[AIM OF THE EXERCISE]
Your reply should be the entries, output word for word, with each picture omitted.
BEGIN SOURCE MATERIAL
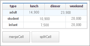 When the mergeCell button is clicked, adjacent cells with identical data are merged and displayed as a single cell.
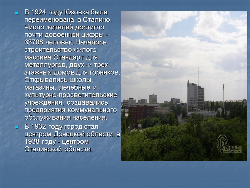 В 1924 году Юзовка была переименована в Сталино. Число жителей достигло почти довоенной цифры - 63708 человек. Началось строительство жилого массива Стандарт для металлургов, двух- и трех- этажных домов для горняков. Открывались школы, магазины, лечебные и культурно-просветительские учреждения, создавались предприятия коммунального обслуживания населения. В 1932 году город стал центром Донецкой области, в 1938 году - центром Сталинской области.
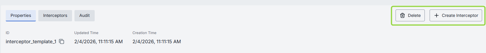| ID | - | No | Unique ID of the template (copyable). Cannot be changed after interceptor template is created. |
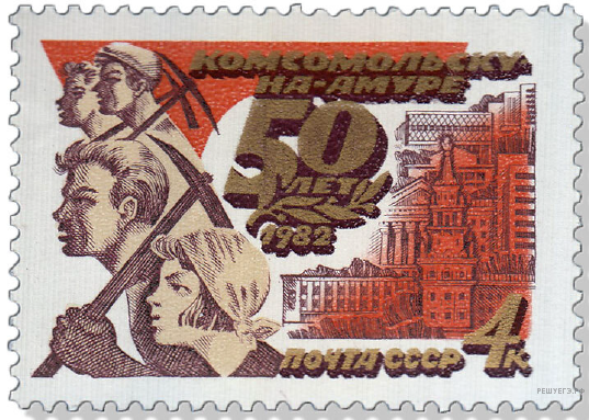 Назовите партийного и государственного деятеля, возглавлявшего партию и фактически возглавлявшего СССР в период, когда был основан город, юбилею которого посвящена данная марка. Используя изображение, приведите одно любое обоснование Вашего ответа.
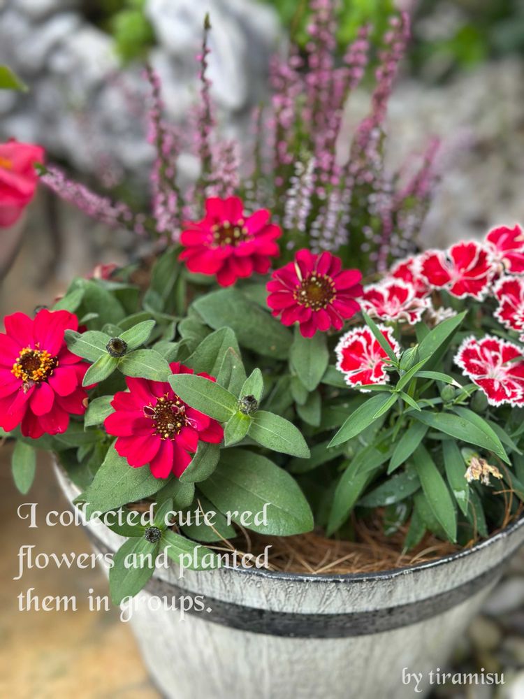 赤い花を集めて寄植えにして見ました🌺🌹🌷
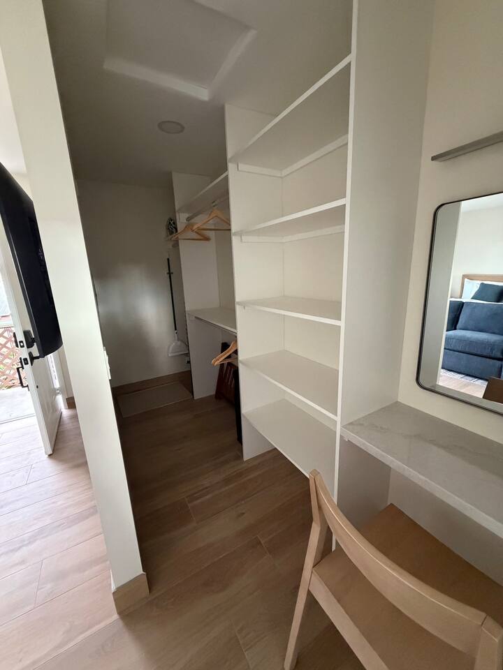 Welcome to a completely remodeled, light-filled second-floor studio in the heart of Pacific Beach. You’re just a short walk from the sand, boardwalk, surf breaks, sunset views, coffee shops, tacos, and the relaxed, lively PB energy everyone comes for. Arrival is effortless: one set of exterior stairs to reach the unit (no stairs inside the apartment), and no one above you for extra quiet and privacy. Keyless entry means you simply receive your personal code the morning of check-in and walk right in. Step inside to a bright, open floor plan with large windows that flood the space with natural light. At the center is a luxurious premium king BedGear bed — dressed in crisp hotel-quality linens and topped with pillows designed for deep, restful sleep. In front of the bed sits a comfortable sofa that pulls out into a full-size queen sleeper, easily sleeping 4 guests. Large nightstands with extension cords make overnight charging simple and tidy. Roll-down blackout shades cover every window, giving you total control over light and guaranteeing peaceful mornings no matter how late the PB nightlife runs. The full kitchen feels brand new and ready to use: stainless steel appliances, generous counter space, plenty of storage for anything you bring, and a Keurig coffee maker stocked with pods and sugar so your day starts right. Nearby is a proper dining table that seats four comfortably. The spa-like bathroom features a deep tub enclosed by a sleek sliding glass door, soft-close toilet, hair dryer, and a full set of bathroom essentials (shampoo, conditioner, body wash, body lotion). Just outside the bathroom you’ll find a handy desk/vanity area — perfect for work, makeup, or extra prep space. A large walk-in closet gives you tons of room for luggage, beach gear, clothes, and everything else you bring. We’ve thought of the little things too: beach chairs, Pack ’n Play, iron + ironing board, luggage rack, vacuum, and basic cleaning supplies are all provided. One dedicated parking spot is included — a true luxury in Pacific Beach. And to make life even easier (especially with little ones, beach towels, or packing up), guests have access to the on-site shared laundry room. We provide two stackable high-efficiency washers and dryers exclusively for our guests — completely complimentary, including detergent and dryer sheets. Pet-friendly and family-friendly, this fresh, modern studio feels clean, stylish, and perfectly set up for an effortless Pacific Beach getaway. Your ideal PB home base is ready — come make some memories!
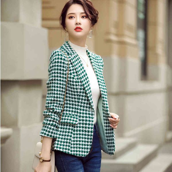 suit suit mode 2021 thin blazer of black women plaid feminine jacket casual autumn girl wear size s-4xl, White;black
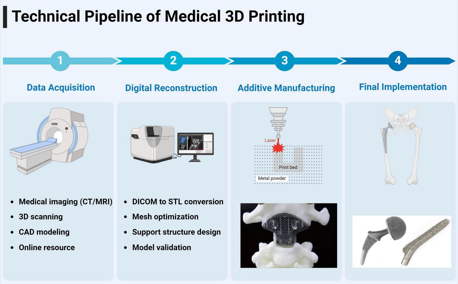 The implementation of 3D printing in medical applications requires a sophisticated digital workflow encompassing three critical phases: data acquisition, digital processing, and additive manufacturing (15). The initial phase involves obtaining digital representations through various methodologies, including computer-aided design (CAD) software for de novo creation, high-resolution optical scanning with photogrammetry capabilities, open-source repositories of pre-validated models, and most significantly in medical applications, the conversion of Digital Imaging and Communications in Medicine (DICOM) datasets from radiological examinations (16). DICOM data from CT or magnetic resonance imaging (MRI) undergoes sophisticated segmentation and reconstruction processes to generate volumetric models suitable for 3D printing.
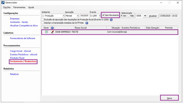 9- Na Aba Fechamento / Reabertura, selecione a opção (checkbox) sem movimento, antes de gerar o Evento S1299 de Fechamento:
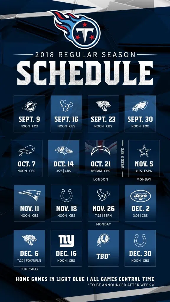 For the first time since 2007, the Tennessee Titans have three primetime games – including two Monday Night Football games (Nov. 5 at Dallas & Nov. 16 at Houston) and a matchup vs. the Los Angeles Chargers in London for Week 7.
END SOURCE MATERIAL
[EXERCISE RESPONSE]
 When the mergeCell button is clicked, adjacent cells with identical data are merged and displayed as a single cell.
 В 1924 году Юзовка была переименована в Сталино. Число жителей достигло почти довоенной цифры - 63708 человек. Началось строительство жилого массива Стандарт для металлургов, двух- и трех- этажных домов для горняков. Открывались школы, магазины, лечебные и культурно-просветительские учреждения, создавались предприятия коммунального обслуживания населения. В 1932 году город стал центром Донецкой области, в 1938 году - центром Сталинской области.
| ID | - | No | Unique ID of the template (copyable). Cannot be changed after interceptor template is created. |
 Назовите партийного и государственного деятеля, возглавлявшего партию и фактически возглавлявшего СССР в период, когда был основан город, юбилею которого посвящена данная марка. Используя изображение, приведите одно любое обоснование Вашего ответа.
 赤い花を集めて寄植えにして見ました🌺🌹🌷
 Welcome to a completely remodeled, light-filled second-floor studio in the heart of Pacific Beach. You’re just a short walk from the sand, boardwalk, surf breaks, sunset views, coffee shops, tacos, and the relaxed, lively PB energy everyone comes for. Arrival is effortless: one set of exterior stairs to reach the unit (no stairs inside the apartment), and no one above you for extra quiet and privacy. Keyless entry means you simply receive your personal code the morning of check-in and walk right in. Step inside to a bright, open floor plan with large windows that flood the space with natural light. At the center is a luxurious premium king BedGear bed — dressed in crisp hotel-quality linens and topped with pillows designed for deep, restful sleep. In front of the bed sits a comfortable sofa that pulls out into a full-size queen sleeper, easily sleeping 4 guests. Large nightstands with extension cords make overnight charging simple and tidy. Roll-down blackout shades cover every window, giving you total control over light and guaranteeing peaceful mornings no matter how late the PB nightlife runs. The full kitchen feels brand new and ready to use: stainless steel appliances, generous counter space, plenty of storage for anything you bring, and a Keurig coffee maker stocked with pods and sugar so your day starts right. Nearby is a proper dining table that seats four comfortably. The spa-like bathroom features a deep tub enclosed by a sleek sliding glass door, soft-close toilet, hair dryer, and a full set of bathroom essentials (shampoo, conditioner, body wash, body lotion). Just outside the bathroom you’ll find a handy desk/vanity area — perfect for work, makeup, or extra prep space. A large walk-in closet gives you tons of room for luggage, beach gear, clothes, and everything else you bring. We’ve thought of the little things too: beach chairs, Pack ’n Play, iron + ironing board, luggage rack, vacuum, and basic cleaning supplies are all provided. One dedicated parking spot is included — a true luxury in Pacific Beach. And to make life even easier (especially with little ones, beach towels, or packing up), guests have access to the on-site shared laundry room. We provide two stackable high-efficiency washers and dryers exclusively for our guests — completely complimentary, including detergent and dryer sheets. Pet-friendly and family-friendly, this fresh, modern studio feels clean, stylish, and perfectly set up for an effortless Pacific Beach getaway. Your ideal PB home base is ready — come make some memories!
 suit suit mode 2021 thin blazer of black women plaid feminine jacket casual autumn girl wear size s-4xl, White;black
 The implementation of 3D printing in medical applications requires a sophisticated digital workflow encompassing three critical phases: data acquisition, digital processing, and additive manufacturing (15). The initial phase involves obtaining digital representations through various methodologies, including computer-aided design (CAD) software for de novo creation, high-resolution optical scanning with photogrammetry capabilities, open-source repositories of pre-validated models, and most significantly in medical applications, the conversion of Digital Imaging and Communications in Medicine (DICOM) datasets from radiological examinations (16). DICOM data from CT or magnetic resonance imaging (MRI) undergoes sophisticated segmentation and reconstruction processes to generate volumetric models suitable for 3D printing.
 9- Na Aba Fechamento / Reabertura, selecione a opção (checkbox) sem movimento, antes de gerar o Evento S1299 de Fechamento:
 For the first time since 2007, the Tennessee Titans have three primetime games – including two Monday Night Football games (Nov. 5 at Dallas & Nov. 16 at Houston) and a matchup vs. the Los Angeles Chargers in London for Week 7.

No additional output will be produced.